Madame, Monsieur,

Vous présentez un ganglion cervical de nature indéterminée, dont il est nécessaire de faire le prélèvement.

Afin que vous soyez clairement informé du déroulement de cette intervention, nous vous demandons de lire attentivement ce document d’information. Votre chirurgien est à votre disposition pour répondre à toutes vos questions.

N’oubliez pas de dire à votre chirurgien les traitements que vous prenez régulièrement, et en particulier Aspirine, anticoagulants… N’oubliez pas de signaler si vous avez déjà présenté des manifestations allergiques, en particulier médicamenteuse. Enfin n’oubliez pas d’apporter, lors de l’hospitalisation, les documents médicaux en votre possession : prises de sang, examens radiologiques notamment.

BUT DE L’INTERVENTION

Le but de cette adénectomie (prélèvement d’un ganglion) est de préciser la nature infectieuse ou tumorale, bénigne ou maligne (cancéreuse), de ce ganglion hypertrophié.

REALISATION DE L’INTERVENTION

Cette intervention peut être effectuée sous anesthésie locale ou générale. Il est de la compétence du médecin anesthésiste-réanimateur, que vous verrez en consultation préalable à l’intervention, de répondre à vos questions relatives à sa spécialité.

L’intervention s’effectue par une incision en regard du ganglion. Celui-ci sera prélevé pour différentes analyses (recherche de microbes, analyse des tissus sous microscope…).

Un examen histologique pourra être demandé pendant l’intervention (examen extemporané, c’est-à-dire une analyse immédiate mais au résultat non définitif, dont la fiabilité n’est pas de 100%) pour préciser la nature de l’anomalie tissulaire (lésion) et adapter, si nécessaire, le geste chirurgical.

La mise en place d’un drain n’est pas systématique. Lorsqu’il est mis en place, il est maintenu pendant un ou quelques jours.

La durée d’hospitalisation et les soins post-opératoires seront précisés par votre chirurgien.

RISQUES IMMEDIATS

Un hématome est possible, il est en règle peu préoccupant.

On peut observer également une suppuration locale qui peut entraîner une désunion de la cicatrice. Celle-ci nécessitera des soins locaux, prolongera la durée de cicatrisation et peut être responsable d’une cicatrice disgracieuse.

RISQUES SECONDAIRES

En dehors de la cicatrice qui peut être fibreuse, épaisse ou douloureuse, on peut observer une petite zone d’insensibilité de votre cou, de votre menton ou de votre pavillon de l’oreille.

Des douleurs cervicales ou de l’épaule, des difficultés de mobilisation de l’épaule sont possibles et en règle passagères.
Une collection ou un écoulement de lymphe peuvent aussi survenir. Cet écoulement peut se tarir grâce à des soins locaux mais peut nécessiter une nouvelle intervention.
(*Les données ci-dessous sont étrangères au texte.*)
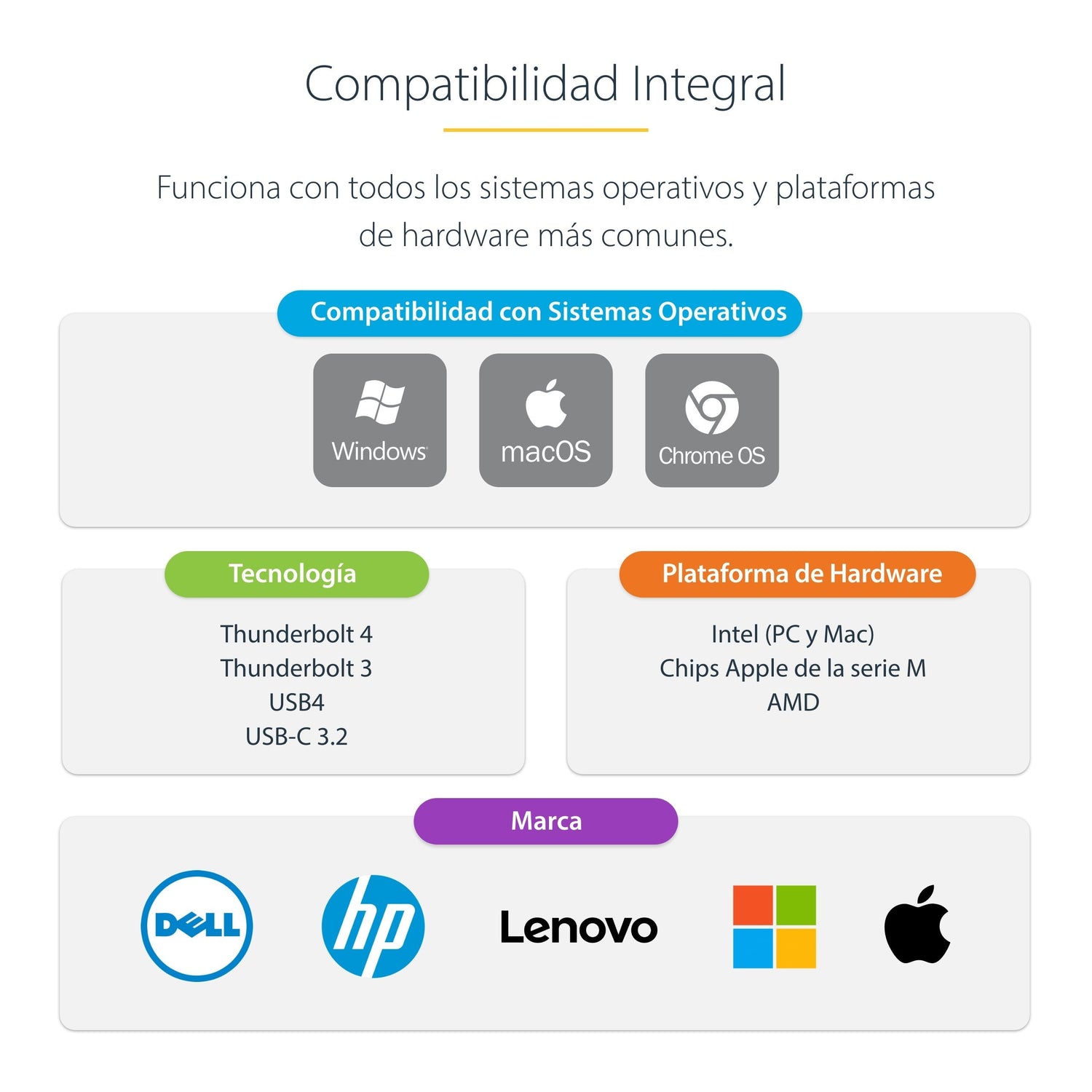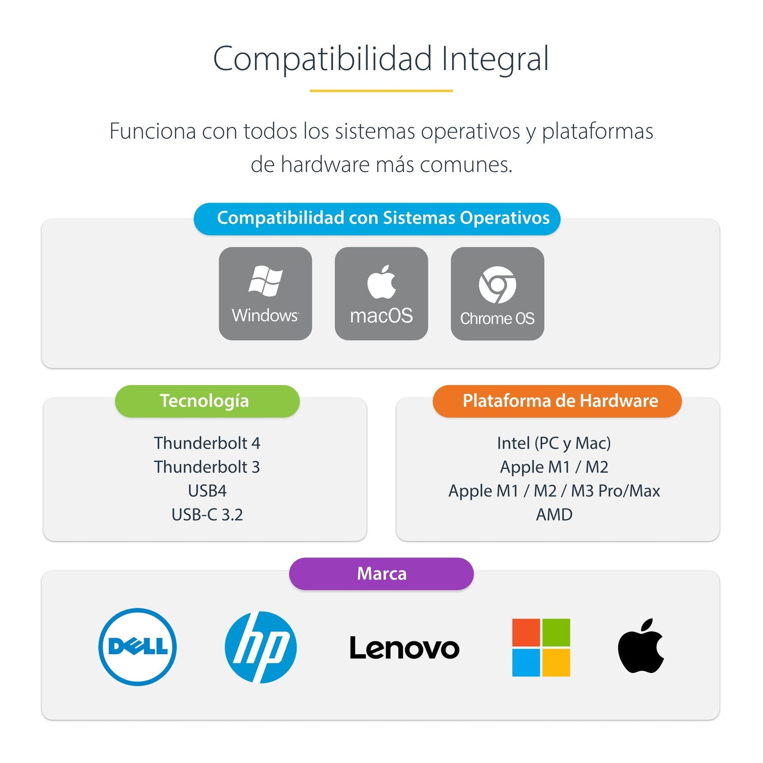 Esta certificación garantiza que la base será totalmente compatible con los portátiles Intel Evo/Tiger Lake (11th gen & up) Thunderbolt 4, incluyendo: Dell Precision 5560/5760, XPS 13 9310, HP EliteBook 850 G8, ProBook 450 G8 y Lenovo X1 Carbon 9th Gen. La base también es compatible con los MacBooks M1/M2/M3 Pro/Max.

Enfin, selon les résultats histologiques définitifs, une nouvelle intervention peut être nécessaire pour compléter le geste chirurgical.

COMPLICATIONS EXCEPTIONNELLES

GRAVES ET/OU

Tout acte médical, investigation, exploration, intervention sur le corps humain, même conduit dans des conditions de compétence et de sécurité conformes aux données actuelles de la science et de la réglementation en vigueur, recèle un risque de complication.

Une asymétrie des lèvres lors du sourire et de la parole peut survenir selon la région disséquée. Cette asymétrie est le plus souvent temporaire et récupère plus ou moins rapidement.

Si le sacrifice d’un nerf a été rendu indispensable au cours de l’intervention, on peut prévoir, dans de très rares cas, des troubles de la voix, des difficultés ou des douleurs lors de l’alimentation, des difficultés à mobiliser l’épaule ou une chute de la paupière supérieure en fonction du nerf sacrifié.